The following is my hard-earned advice.

5. Three is the magic number. I think having at least two roommates is key. It creates a less intense dynamic and if one roommate sucks, you can vent about it to the other one. Also, say worse case scenario your roommate skips town and leaves you stuck with an extra rent payment. If there are two of you, that’d be a little less of a burden.

4. You’re not looking for your best friend. In fact, you don’t want your roommate to be your best friend. That’s a drama disaster waiting to happen. Do you think the person will be pretty quiet, clean, considerate and responsible? That’s really all that matters.

3. Create a chore chart. This might sound dorky and unnecessary, but it’s a great way to prevent future resentment and frustration. The chart doesn’t have to be super complex, but it should cover stuff like taking out the trash, emptying the dishwasher, mopping the kitchen floor and vacuuming. My roommates and I switch chores on a weekly basis.

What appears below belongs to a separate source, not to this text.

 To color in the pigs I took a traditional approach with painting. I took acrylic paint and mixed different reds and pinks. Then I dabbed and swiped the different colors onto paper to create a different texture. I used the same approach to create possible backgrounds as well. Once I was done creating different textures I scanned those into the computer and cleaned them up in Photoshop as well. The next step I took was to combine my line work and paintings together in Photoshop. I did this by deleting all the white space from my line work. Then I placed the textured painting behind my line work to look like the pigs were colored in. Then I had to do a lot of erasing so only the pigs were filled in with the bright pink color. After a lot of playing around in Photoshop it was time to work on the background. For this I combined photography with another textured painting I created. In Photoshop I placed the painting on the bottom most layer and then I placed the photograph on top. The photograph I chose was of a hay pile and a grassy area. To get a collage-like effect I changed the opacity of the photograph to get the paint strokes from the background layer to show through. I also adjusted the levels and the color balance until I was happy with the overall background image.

2. Take time with your ad. Your craigslist ad should give a good amount of information and have some personality. I write three sections of an ad: the apartment building, the apartment and the roommates–about a paragraph each. By taking the time to put in details, you’ll be bombarded with fewer questions. Having an ad that has personality will have a greater chance of attracting the right match. For our ads, we write that The Bachelor is our guilty pleasure, and we’ll often get responses from people saying they too love The Bachelor. It’s a small thing, but it can really give you a sense of the person on the other end of the email.

1. Think ahead. If you don’t listen to any other piece of advice I’ve given you, listen to this one. Post your craigslist ad six to eight weeks in advance. You will not get nearly as much interest as you will if you post it two to four weeks in advance, but those who respond are generally much more responsible and put together.

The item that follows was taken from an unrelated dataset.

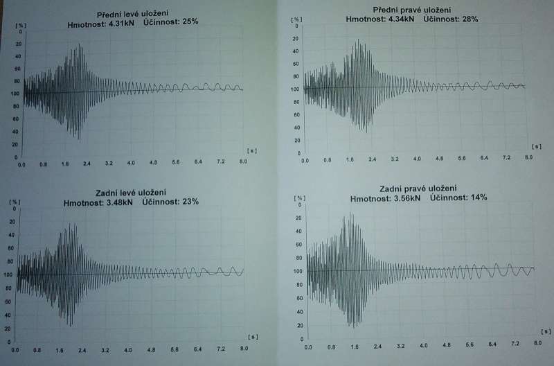 pisal som sem preto ze som bol na teste tlmicov pred nedavnom na STK , mali tam tie testovacie platne od vyrobcu MAHA , ujko to otestoval a vytlacil mi papier z testu , predna aj zadna naprava su v priemere na 61% opotrebovania a to mam uz najazdenych nieco cez 300 000km , co by nebolo az take hrozne ako ked vytiahol taku knizku od vyrobcu tych platniii teda opet MAHA a nakukol do nej a povedal ze minimum opotrebovania pre moje auto teda kombik mk3 GHIA je 59% , a pritom auto jazdi ok ziadny buchot nic , ale uz citit ze sa auto hupe a neni to ono , lebo akonahle presadnem do neakeho ineho auta hned viem ze to moje caka na vymenu tlmicov .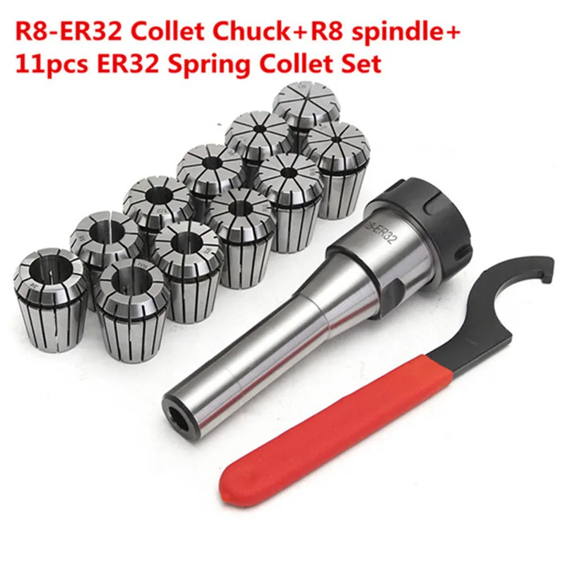 11pcs ER32 Spring Collet Set 3mm-19mm R8-ER32 7/16 Collet Chuck Holder Wrench

5 questions to get answered before signing a lease

27 Sep

1. How far is the Metro? If you don’t drive to work, this question is critical. Don’t take the leasing agent’s word for it–what she might consider a “short walk” might actually be a mile. If a Metro stop isn’t close by, then see if you can commute conveniently by bus, but be aware that buses in DC aren’t known for their reliability.

2. Is there a 24-hour concierge? If not, you’ll need to get packages delivered to your work because it’s quite possible that they could get stolen from outside your door. I also feel much safer knowing that there’s someone monitoring the building 24/7.

3. What’s the parking like? Even if you get your own parking space, what about guest parking? Many apartment buildings have very limited guest parking.

4. Are there bed bugs? It’s an unpleasant topic, but DC is currently ranked 9th in the country for bed bugs. Ask the landlord but also look at apartment reviews to see if anyone in the building has complained about them.

5. What’s the laundry situation? If you don’t have a washer/driver in the apartment, make sure to look at the laundry room to see how many machines there are for the building. The last thing you want is laundry wars with neighbors.